2.6.2 Vorticity Versus Vortex

The major mathematical misunderstanding of the first generation of vortex identification methods is the consideration of vorticity vector as the fluid rotation axis and vorticity magnitude as the vortex strength (angular speed). In the following, it is shown that vorticity is not the fluid rotation axis.

Definition 1.1

At a moment, a local fluid rotation axis is defined as a vector that can only have stretching (compression) along its length.

It is basic math that the increment of \(\overrightarrow{v}\) in the direction of \(d\overrightarrow{r}\) is \(d\overrightarrow{v}=\nabla \overrightarrow{v}.d\overrightarrow{r}\).

Theorem 1.1

Liutex is the local fluid rotation axis.

Proof

In the Liutex direction, which is the real eigenvector, \(d\overrightarrow{v}=\nabla \overrightarrow{v}.\overrightarrow{r}={\lambda }_{r}\overrightarrow{r}\).

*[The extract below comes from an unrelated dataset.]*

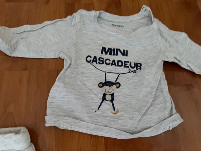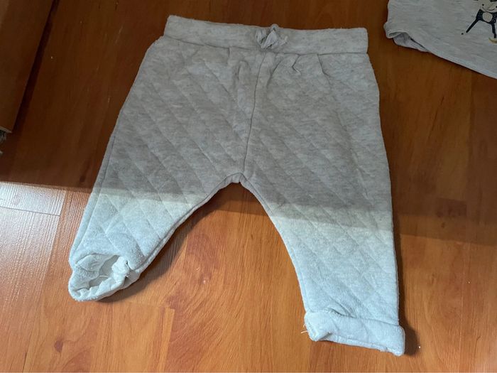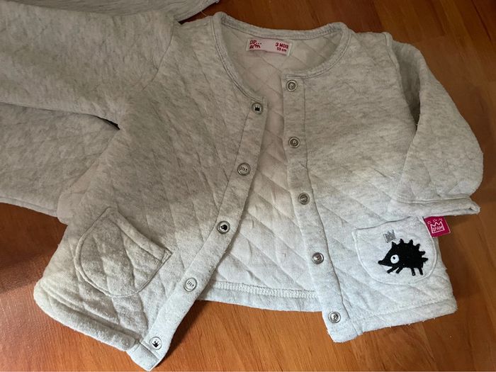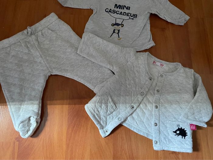 Ensemble 3 mois compde d’un pantalon style jogging et d’une veste à pressions de marque Du pareil au même et d’un haut à manches longues de marque Kiabi. Très bon état #dressingdeMilo3moisgarçon

According to Definition 1.1, Liutex is the local rotation axis as \(\overrightarrow{R}=R\overrightarrow{r}\).

Theorem 1.2

Vorticity is, in general, not the local fluid rotation axis.

Proof

$$\begin{aligned} d\vec{v} = & \nabla \vec{v} \cdot \vec{\omega } = {{\varvec{A}}} \cdot \vec{\omega } + {{\varvec{B}}} \cdot \vec{\omega } = {{\varvec{A}}} \cdot \left( {a_1 \overrightarrow {r_1 } + a_2 \overrightarrow {r_2 } + a_3 \overrightarrow {r_3 } } \right) + \left( {\nabla \times \vec{v}} \right) \times \vec{\omega } \\ & = a_1 \lambda_1 \overrightarrow {r_1 } + a_2 \lambda_2 \overrightarrow {r_2 } + a_3 \lambda_3 \overrightarrow {r_3 } + 0 \ne \lambda \left( {a_1 \overrightarrow {r_1 } + a_2 \overrightarrow {r_2 } + a_3 \overrightarrow {r_3 } } \right) = \lambda \vec{\omega } \\ \end{aligned}$$
(1.9)

Unless \({\lambda }_{1}={\lambda }_{2}={\lambda }_{3}=\lambda\) or for rigid rotation where \({\lambda }_{1}={\lambda }_{2}=0\).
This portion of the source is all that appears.